Birthright founder returning looted antiquities to Israel



Eight of the looted artifacts that billionaire philanthropist Michael Steinhardt must return to Israel as part of a deal with prosecutors in New York are still missing.

That’s according to a press release from the Manhattan District Attorney’s office announcing that $5 million in stolen antiquities previously belonging to Steinhardt are being repatriated to Israel, where Steinhardt is a prominent donor to cultural institutions.

Steinhardt, 81, is also one of the founders of Birthright, a program that offers young Jews in the diaspora free trips to Israel.

Three of the repatriated items were already on display at the Israel Museum, which years ago Steinhardt loaned to the museum. Israeli authorities on Tuesday, March 22 took possession of an additional 28 artifacts.
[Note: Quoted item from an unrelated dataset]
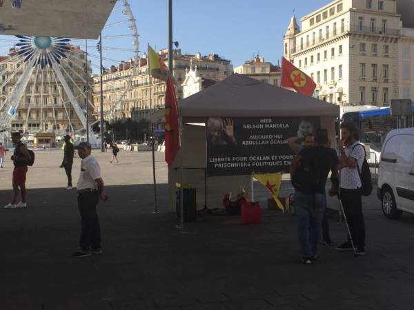 Marsilya'da "Öcalan'a özgürlük, Kürdistan'daki işgale son" şiarıyla başlatılan çadır eylemi sürüyor.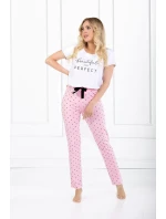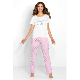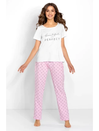 Sladké bílo-růžové pyžamo z nejnovější kolekce polské značky Momenti Per Me v neuvěřitelně ženském stylu. Je vyroben z ušlechtilé bavlny, díky níž je výjimečně měkký, příjemný k pokožce a velmi pohodlný. Tričko s potiskem "Beautiful and Perfect" vás jemně naladí do dobré nálady a dlouhé, tvarované, světle růžové kalhoty pokryté drobnými černými puntíky celý styling dokonale dotvoří. Sladké a sexy!

The repatriated antiquities include two 7,000-year-old gold masks valued at $500,000 and three even older stone masks worth $650,000.

Several of the items being transferred to Israeli custody were originally looted from the West Bank. One missing object, a fish-shaped amulet, will be handed over to the Palestinian Authority if and when it’s found.

“These rare and beautiful artifacts, which are thousands of years old, have been kept from the public because of illegal looting and trafficking,” Manhattan District Attorney Alvin Bragg said in a statement.

A multi-year criminal investigation, which included several search warrants served at Steinhardt’s home and office, turned up evidence that Steinhardt possessed numerous looted antiquities. While authorities have seized many of them, there are some they never managed to find. These include an ancient sword, seven ivory figurines and the fish-shaped amulet.

The repatriation is a result of a deal struck between prosecutors and Steinhardt in December. To avoid prosecution, Steinhardt agreed to surrender 180 items authorities say he acquired illegally in Israel and 10 other countries. He’s also prohibited from ever trading in antiquities again.

Steinhardt did not admit to wrongdoing, and his lawyers have said that the dealers he bought the objects from deceived him about their legality.

Eitan Klein, deputy director of the theft prevention unit of the Israel Antiquities Authority, participated in a repatriation ceremony held by prosecutors in New York. “These antiquities are priceless for the State of Israel and its people,” Klein said in a statement. “They symbolize our rich and vast cultural heritage. Now, they are being returned to their rightful owners.”

While some in Israel criticized the relationship between Steinhardt and the Israeli cultural institutions he supports in the wake of the revelations, many more Israeli figures seemed to come to his defense, arguing that his contributions to the country outweigh whatever he is alleged to have done.